XXXV. The Anigraean Road.—South of Lerna the road skirts the shore for some distance. Leaving the village of Kiveri the path runs along the slope of Mount Zavitza, which falls steeply to the sea on the left. This is the district called Anigraea by Pausanias. The road is still, as it was in his days, very rugged and bad. Now and then we come to a little cove with a beach at the mouth of a narrow glen which cleaves the mountain-side; elsewhere the sea is bordered throughout by sheer cliffs, above which the path scrambles up hill and down dale. The sides of the mountains are chiefly clothed with lentisks and wild olives, with a patch of corn-field here and there. In about two hours and a half from Kiveri the path arrives opposite the Anavolo, the ancient Dine. It is an abundant source of fresh water rising in the sea, about a quarter of a mile from the narrow beach under the cliffs. The body of fresh water appears to be fully fifty feet in diameter. In calm weather it may be seen rising with such force as to form a convex surface, disturbing the sea for several hundred feet around. It is clearly the exit of a subterraneous river of some magnitude, and thus corresponds with the Dine of Pausanias. After clambering along the Anigraea for nearly three hours, we find that the mountain abruptly ceases, and the maritime plain of Thyrea stretches out before us to the south. This is what Pausanias describes as “a tract of country on the left, reaching down to the sea, where trees, especially olives, thrive well.” The plain is about five miles long, but nowhere more than half that in breadth; its soil is a rich loam; corn-fields and olive-groves cover its surface.

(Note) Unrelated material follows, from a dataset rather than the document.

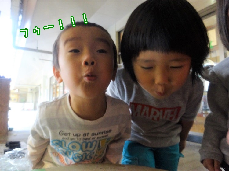 「あ!少しひびが入ってる!」とひび割れた部分はみんなで慎重に修正していきました。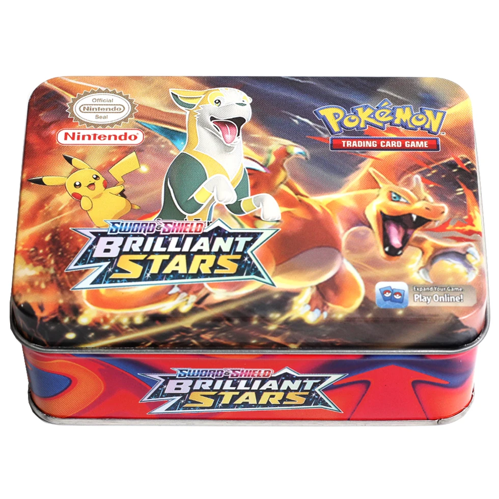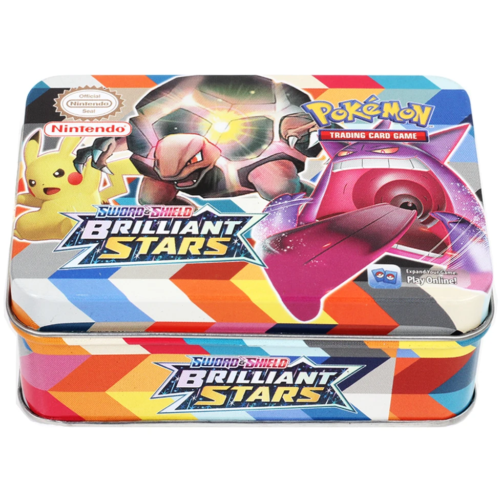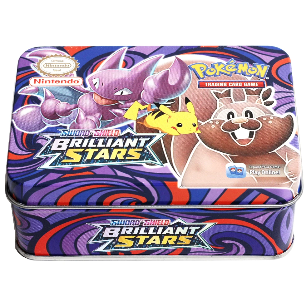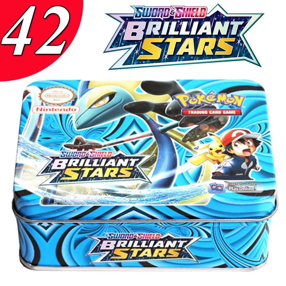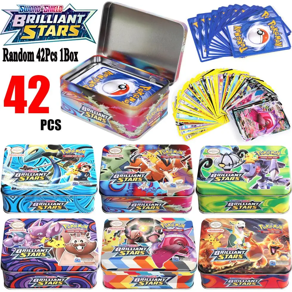 Английский Новый 42 шт. карты покемона меч и щит блестящая Звезда железная коробка 25 юбилей боевая игра Мультяшные детские игрушки подарки

XXXVI. The Battlefield of Sellasia.—At the present day the track from Arachova to Sparta follows the bed of the Kelephina river (the ancient Oenus) for some seven or eight miles. Path there is none. You ride in the stony bed of the river, crossing its scanty water backwards and forwards again and again. The scenery is picturesque, the river winding between high banks, which are generally green with shrubs and trees. Indeed many trees grow in the very bed of the stream, and the traveller in riding has sometimes to be careful not to be knocked off by their boughs. In front of us, as the valley widens, we get glimpses of the high, blue, snowy range of Taygetus. The point at which, quitting the bed of the stream, we ascend its western bank, and the whole magnificent range of Taygetus appears in full view across the valley of the Eurotas, was the scene of the battle of Sellasia.